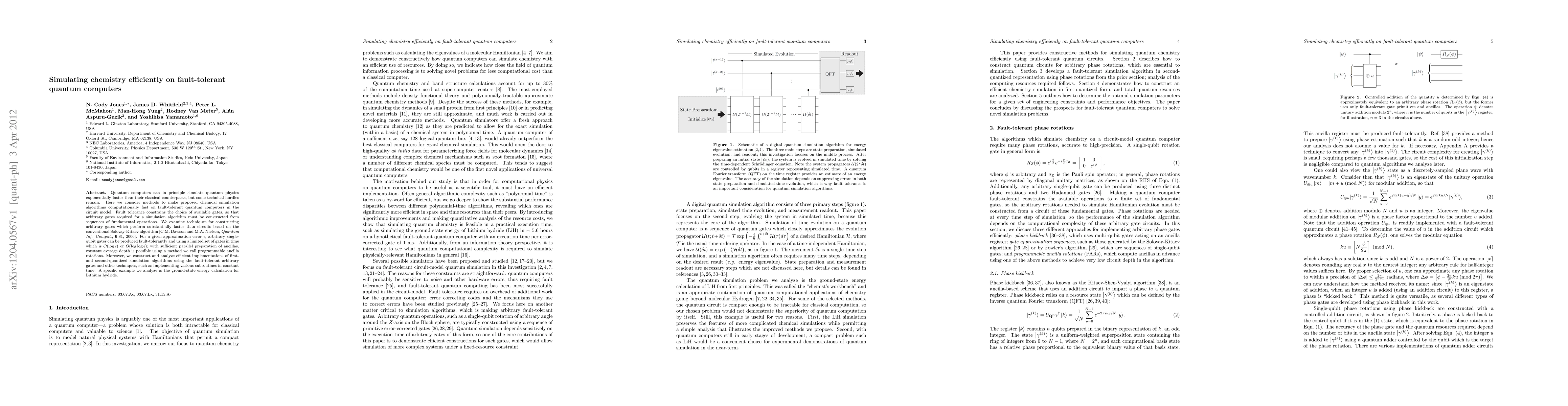 This paper explores methods to efficiently simulate chemistry on fault-tolerant quantum computers, focusing on constructing arbitrary gates from a limited set of fundamental operations. The proposed techniques achieve faster gate construction and constant average depth, enabling efficient implementations of first- and second-quantized simulation algorithms, exemplified by the ground-state energy calculation for Lithium hydride.
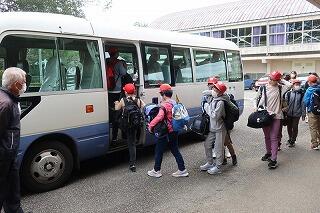 本日から、小学校5年生は「集団宿泊学習」のため、むかばき青少年自然の家へ出発しました。体育館にて、出発式を行い、職員や保護者に見送られながら元気にスクールバスに乗車しました。
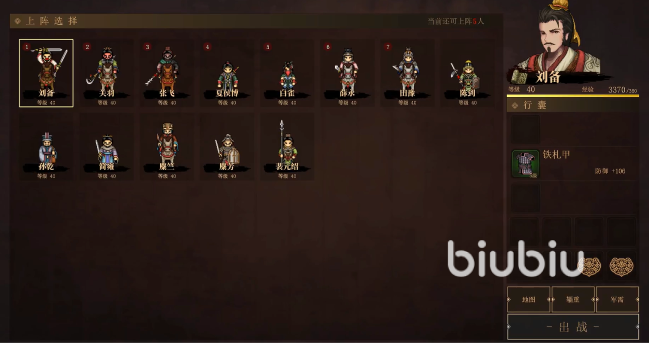 这里推荐大家采用刘备+关羽+张飞+夏侯博+白雀+薛永+田豫+陈到的组合,因为这样就可以互相弥补。不仅拥有超强的进攻实力,并且防御力以及生存能力同样在线,再搭配上可以远程输出的射手或者法术之后,就可以让胜率大大提升了。
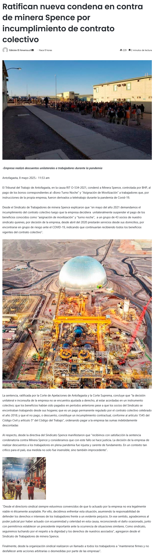 Tribunal ordena pago de bonos a trabajadores de Spence que estuvieron en teletrabajo - (soyantofagasta)

_____

Problem to solve: With the pictures excluded, the line containing "这里推荐大家采用刘备+关羽+" and every line after it through the end of the data above are to be transcribed exactly, and nothing more.

Answer space:
 这里推荐大家采用刘备+关羽+张飞+夏侯博+白雀+薛永+田豫+陈到的组合,因为这样就可以互相弥补。不仅拥有超强的进攻实力,并且防御力以及生存能力同样在线,再搭配上可以远程输出的射手或者法术之后,就可以让胜率大大提升了。
 Tribunal ordena pago de bonos a trabajadores de Spence que estuvieron en teletrabajo - (soyantofagasta)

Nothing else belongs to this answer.